Boschetti Egisto, Righetti Pier Giorgio
BioRad Laboratories, C/o CEA-Saclay, Gif-sur-Yvette, France.
Proteomics. 2009 Mar;9(6):1492-510. doi: 10.1002/pmic.200800389.
The present review deals with the use of combinatorial ligand libraries, composed by hexapeptides, in the capture and concentration of the low-abundance proteome. This method, first reported in 2005, is compared with other current methodologies aimed at exploring the "deep proteome", such as: depletion of high-abundance proteins (especially in sera and cerebrospinal fluid) by individual or combined antibodies (up to 20 against the most abundant species); narrow (1-pH-unit) IPGs (zoom gels) and prefractionation with multicompartment electrolyzers or with Off-Gel electrophoresis. The physico-chemical properties of the hexapeptide library are also explored, namely in assessing the proper length of the baits and the behavior of shorter oligopeptides, down to capture elicited by single amino acids. A number of examples on the use of this library is given, such as the analysis of biological fluids (human sera, urine, bile, cerebrospinal fluid) and of cell lysates (platelets, red blood cells). In all cases, it was possible to detected from three to five times as many proteins as compared to control, untreated samples. Perhaps the most spectacular results were obtained with the erythrocyte proteome, where 1570 proteins could be identified in the "minority" proteome, representing only 2% of the total cell lysate. Another interesting area of application regards the concentration and detection of trace impurities contaminating r-DNA proteins meant for human consumption: several host proteins, never reported before, could be revealed for the first time. Other nonhuman samples are currently under investigation, such as egg-white (where no less than 148 unique gene products could be identified), egg yolk (with 255 unique species) and latex from Hevea brasiliensis. It is anticipated that the ligand library could be a most useful tool for detecting biomarkers for different pathologies and for drug treatment. As a future outlook, one could envision the synthesis of specialized libraries able to capture given classes of proteins (e.g., phospho- and glyco-proteins). Additionally, the library could be used in association with other techniques currently in vogue, such as zoom gels, Off-Gels, and the like.
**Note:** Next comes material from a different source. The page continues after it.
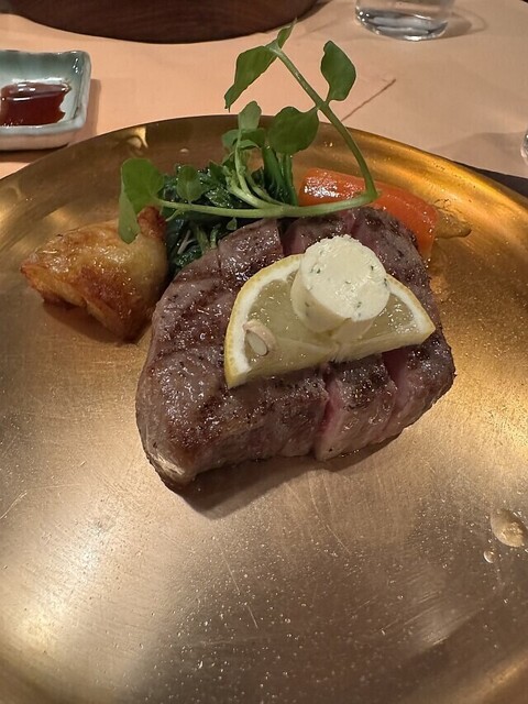 同僚から名古屋最強のステーキハウスと教えてもらった、ステーキハウスキッチンリボン。ディナーはとんでもない金額なので(汗)、ランチタイムに満を持して行ってきました。場所は、市内でも繁華街からは離れたところの住宅街。なぜこんなところに?という場所に、ひっそりとあるお店。 こじんまりとした店内は、老舗の風格。まずは3人で何を食べるが討議。黒毛和牛ステーキランチをそれぞれが、そして、せっかくなので松坂牛シャトーブリアン150gをシェアしようってことで。前菜からスタート。サラダ、そしてスープ。準備万端になったところで、まずは松坂牛の優秀牛が到着。焼き方はミディアムレアで。ナイフで慎重に6等分にカット。な、なんと、ナイフを入れると、すっと切れていく!フツーのステーキを切るのとは明らかに違う感触にびっくり!見事な赤身具合。いただきます。!!!!!口の中ですっととろけていく感触は異次元!これが、松坂牛シャトーブリアンの実力か!焼肉やステーキはよく食べている自覚はありますが、これは人生でほとんど体験したことがない食感。恐るべし。。。続いて、黒毛和牛ステーキランチ。こちらも焼き方はミディアムレア。先ほどのシャトーブリアンと比べると、脂感の強いサシ具合。ピンク色の断面、サシがよく入っている。食べ比べると、肉質がまったく違うことがよくわかる!こちらは、脂感が強くて、ガッツリ肉食べてるなーっていう感じ。食べ比べという、非日常的体験を満喫。そして、食べるとすぐになくなってしまうステーキ涙メロンがデザートに登場。最初から最後までゴージャスなランチ。おそらく、東京で同じものを食べたら、いくらになるのか、恐ろしい…トイレには、某プロ野球選手の写真がありました(笑)彼らがお腹いっぱい食べたら、いくらになるのか、も恐ろしい…(笑)非日常感あふれるひと時でした。またいつか、行ってみたい。

本综述涉及由六肽组成的组合配体文库在低丰度蛋白质组捕获和浓缩中的应用。该方法于2005年首次报道,与目前旨在探索“深度蛋白质组”的其他方法进行了比较,例如:通过单独或联合抗体(针对最丰富物种的多达20种抗体)去除高丰度蛋白质(特别是在血清和脑脊液中);窄(1个pH单位)IPG(变焦凝胶)以及使用多室电解槽或离线凝胶电泳进行预分级分离。还探索了六肽文库的物理化学性质,即评估诱饵的合适长度以及较短寡肽的行为,直至单个氨基酸引发的捕获。给出了该文库使用的一些示例,如生物体液(人血清、尿液、胆汁、脑脊液)和细胞裂解物(血小板、红细胞)的分析。在所有情况下,与未处理的对照样品相比,检测到的蛋白质数量是其3至5倍。也许最引人注目的结果是在红细胞蛋白质组中获得的,在“少数”蛋白质组中可以鉴定出1570种蛋白质,仅占总细胞裂解物的2%。另一个有趣的应用领域涉及浓缩和检测污染供人类食用的重组DNA蛋白质的痕量杂质:首次发现了几种以前从未报道过的宿主蛋白质。目前正在研究其他非人类样品,如蛋清(可鉴定出不少于148种独特基因产物)、蛋黄(有255种独特物种)和巴西橡胶树的乳胶。预计该配体文库可能是检测不同病理和药物治疗生物标志物的非常有用的工具。展望未来,可以设想合成能够捕获特定类蛋白质(如磷酸化和糖基化蛋白质)的专用文库。此外,该文库可与目前流行的其他技术(如变焦凝胶、离线凝胶等)联合使用。